Raibeart yang melihat mereka hanya diam, menghela napas pelan, lalu berkata, "Pencarian."

Butuh beberapa detik bagi mereka untuk memahami apa yang dimaksud oleh Raibeart.

"Kita nggak nemuin apa-apa," kata Athan. Sementara itu, Izel dan Ansel diam, mereka melupakan pencarian tentang gadis itu dan memilih bermain air di laut.

"Kalian?" tanya Athan.

"Ki-kita nggak nyari sampe ujung," jawab Izel jujur.

"Malah jujur, ya nggak salah sih jujur, tapi YA SALAH," batin Ansel frustasi dengan Izel.

Tidak bisa kah gadis ini tidak terlalu jujur?

"Kita nyari setengah jalan, lagian gue yakin nggak bakal ada apa-apa juga," ujar Ansel penuh percaya diri, bahwa tidak ada apa-apa di ujung pantai itu.

"Bisa jadi  cewek itu  ada di bagian ujung kan?" bantah Athan.

"Kita lupa bukan sengaja juga," balas Ansel tak mau kalah.

"Maaf, ini semuanya salah aku yang ngajak Ansel main," sesal Izel.

"Eh iya gapapa, emang kayaknya nggak ada apa-apa juga di ujung," ucap Athan.
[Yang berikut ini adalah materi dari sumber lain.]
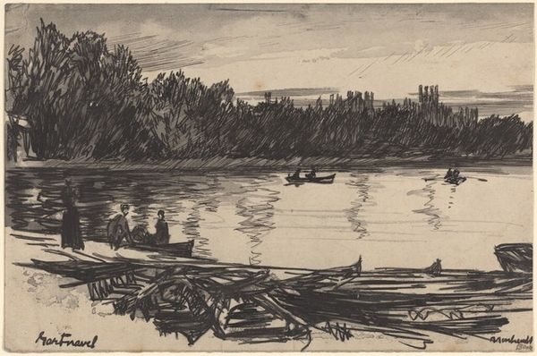 Editor: This is James McBey’s "Albert Basin, Aberdeen," an etching from 1905. It's remarkably detailed, creating a strong sense of atmosphere despite the limited tonal range. It gives an impression of a bustling harbor frozen in a specific moment in time. What historical context informs this work? Curator: The etching offers insight into Aberdeen’s maritime history in the early 20th century. Etchings like these played a significant role in shaping the public's understanding and appreciation of industrial and urban landscapes. Note how McBey doesn't shy away from depicting the busy port, suggesting a cultural acceptance of industrialization's impact. Do you think that contrasts with romanticized views of nature common in earlier landscapes? Editor: Absolutely! It feels much more immediate, less idealized. How did exhibiting something like this impact societal perception? Curator: Consider the social role. Prints made art more accessible, creating a visual dialogue between the art world and wider audiences. Exhibiting such scenes fostered pride and recognition of Aberdeen’s importance. It also offered a sense of belonging, as ordinary people saw their environment represented. Editor: That makes me think about who would buy something like this. Curator: Indeed. Patrons likely included local merchants, shipbuilders, and those who wanted to assert a connection to Aberdeen’s maritime prowess. The art market reflects societal structures. Would this market have valued similar themes to today's market? Editor: Probably not to the same extent, or in the same way. It’s fascinating how it both captured a moment and actively shaped perceptions. Curator: Exactly. Art serves a purpose, be it celebrating commerce or inspiring dialogue about our industrial landscape. Editor: Thank you! I’ll definitely look into McBey's place in Aberdeen’s civic pride.
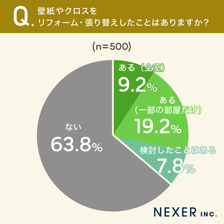 ということで今回はリノメイドと共同で、事前調査で「現在持ち家に住んでいる」と回答した全国の男女500名を対象に「壁紙・クロスのリフォーム」についてのアンケートをおこないました。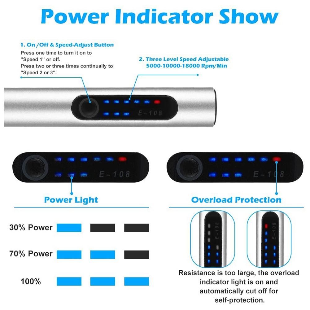 Unique Design, Overload Protection: This DIY electric engraving pen is equipped with a power indicator, speed indicator, and overload indicator, which can know the usage of the engraving pen in real-time, and you can adjust the working speed you want according to different usage conditions. When the resistance is too large, the overload indicator light is on, and the power supply is automatically cut off for self-protection, avoiding damage to the motor and prolonging the service life.

Ansel yang mendengar itu menatap heran Athan.

"Giliran gue aja yang tadi ngomong dibantah, eh giliran tau Izel yang ngajak gue main gapapa," batin Ansel menggerutu.

Raibeart berdeham membuat semuanya menatap Raibeart. Raibeart mengeluarkan sebuah ikat rambut kecil berwarna hitam dan menaruhnya di tikar. Semuanya menatap asing ikat rambut yang dikeluarkan oleh Raibeart, sebelumnya mereka belum pernah melihat ikat rambut tersebut.

"Punya siapa? Nggak mungkin punya lo kan?" tanya Athan memastikan.

"Lo dapet dari mana?" tanya Ansel.

"Pantai," balas Raibeart.

Lagi dan lagi semuanya dibuat binggung, sebenarnya ikat rambut milik siapa?